The best way for businesses to remain relevant is to identify their internal weaknesses, attack them ruthlessly and eliminate those weaknesses before the competition exploits them or those weaknesses prevent your company from serving your customers to the utmost of your abilities. It sounds great in theory, but can be a very difficult thing to force yourselves to do. It can often be expensive and imprecise, but it can preserve your company’s long-term health whereas so many legacy companies have been discarded by the wayside for not embracing the influx of new technology.
I don’t think anyone in their right mind would accuse Google of failing to embrace change or technology in the performance of its businesses. It’s one of the most innovative companies the world has ever seen with sprawling arms in all different manner of inventions and improvements for every kind of technology you can imagine (and probably some that you don’t).
But, that doesn’t mean Google doesn’t have weaknesses within its core products — weaknesses other companies would love to exploit and profit from.
One such weakness lived inside one of Google’s most important flagship products — maps.

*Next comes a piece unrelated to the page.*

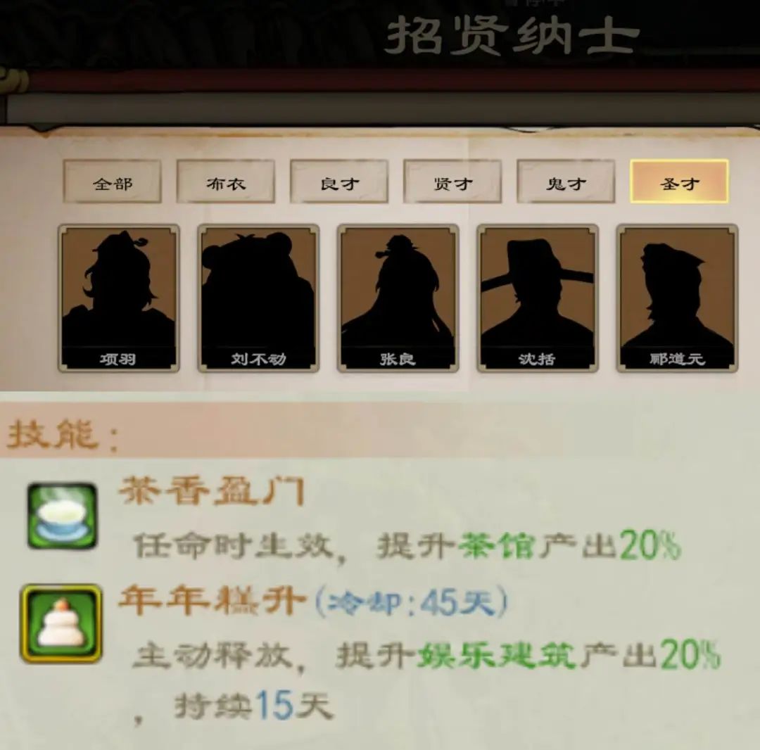 鸿野县的城市规模不断扩大,这个时候单靠一个县令已经无法满足管理要求了,于是就要扩充管理班底,招募「谋士」为你出谋划策。「谋士」的技能可以为生产增添效率,玩家研究如何搭配「谋士」阵容也是一种乐趣。每到年底,玩家还要像老板一样主持年会,给小弟们发发福利。

Maps are one of the our smart phones’ most valuable features. From an advertising standpoint, and a Google revenue standpoint, highlighting specific venues in a city can push people to different restaurants or bars, etc. based purely on Google recommendations. From a consumer’s standpoint, Maps help us navigate unfamiliar cities without having to stop and ask for directions all the time, printing out paper maps, or buying the folding kind. Even for residents of a city, if you’re in a neighborhood you’re not familiar with, Maps can get you home or to that new restaurant everyone’s been buzzing about. I would venture a guess that Maps are one of the most used apps in the mobile arsenal of most American consumers.
With it playing such a central and pivotal role in our everyday lives, it’s imperative Google gets it right. It’s even more imperative that it continues to remain the leader in this field.

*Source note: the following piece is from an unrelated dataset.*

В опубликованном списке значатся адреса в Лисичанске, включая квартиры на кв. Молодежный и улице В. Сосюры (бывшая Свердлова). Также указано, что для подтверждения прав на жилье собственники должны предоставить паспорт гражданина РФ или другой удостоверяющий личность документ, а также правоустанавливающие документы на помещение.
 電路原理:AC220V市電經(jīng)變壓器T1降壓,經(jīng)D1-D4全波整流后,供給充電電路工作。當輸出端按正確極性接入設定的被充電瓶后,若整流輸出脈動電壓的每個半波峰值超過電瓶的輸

What was Google Maps’ core weakness? Working offline.
So what did Google do? They fixed it. Before someone else came along and exploited that weakness.

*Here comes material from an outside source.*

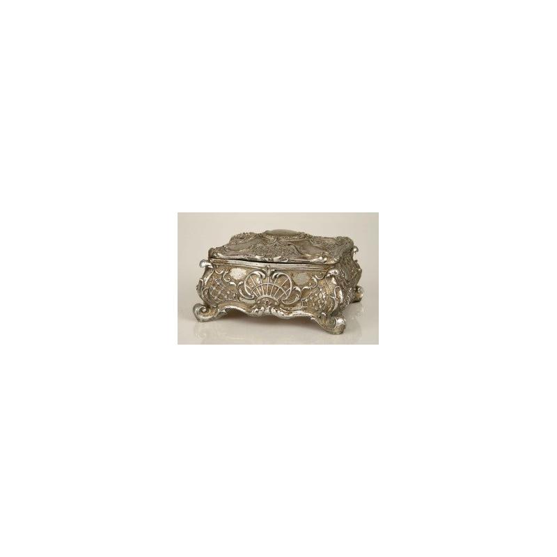 Joyero con tapa o caja rectangular para decoración de estilo clásico fabricada en resina color plata.

Outside Magazine put the new feature through the ringer in the way only Outside can, and found it works amazingly well:
“How Well Do Google Maps Work Offline? Absolutely Flawlessly. Last week, Google announced it will make its maps available offline. We tested the new feature in New York and South Africa—and found the service works brilliantly”
That’s high praise from an outfit known to put gear through the gauntlet. It’s a valuable lesson for enterprises too. Google self-identified a weakness in a core product offering and went about fixing it before it cost them customers, business and revenue.
Think about the chinks in your company’s armor and how you can repair them before they become fatal flaws. It might just save your company some day.